┌────────

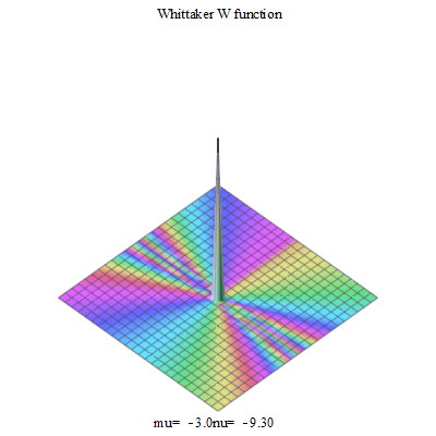 Whittaker W function
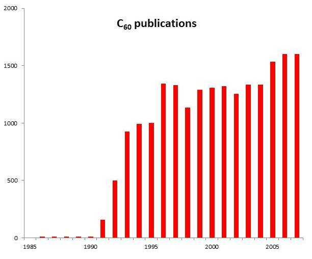 C60 publications per year. Data from Andreas Bart and Werner Marx
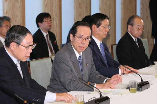 Yasuo Fukuda, Prime Minister, attended a meeting of the Council on the Global Warming Issue with Hiroshi Okuda, Chair of the Council on the Global Warming Issue, at the Prime Minister's Official Residence in Chiyoda Ward, Tōkyō Metropolis on May 26, 2008.
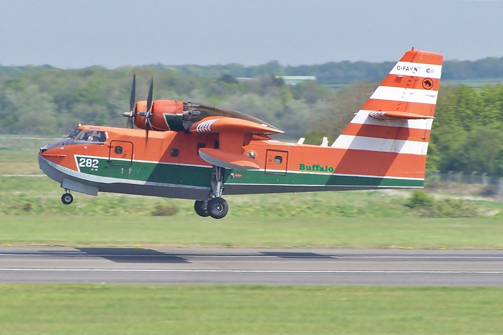 Buffalo Airways Canadair CL-215 C-FAYN (282) just getting airborne off Runway 31 at Prestwick

└────────

With images omitted, retype the data word for word.

### Result of the task:
 Whittaker W function
 C60 publications per year. Data from Andreas Bart and Werner Marx
 Yasuo Fukuda, Prime Minister, attended a meeting of the Council on the Global Warming Issue with Hiroshi Okuda, Chair of the Council on the Global Warming Issue, at the Prime Minister's Official Residence in Chiyoda Ward, Tōkyō Metropolis on May 26, 2008.
 Buffalo Airways Canadair CL-215 C-FAYN (282) just getting airborne off Runway 31 at Prestwick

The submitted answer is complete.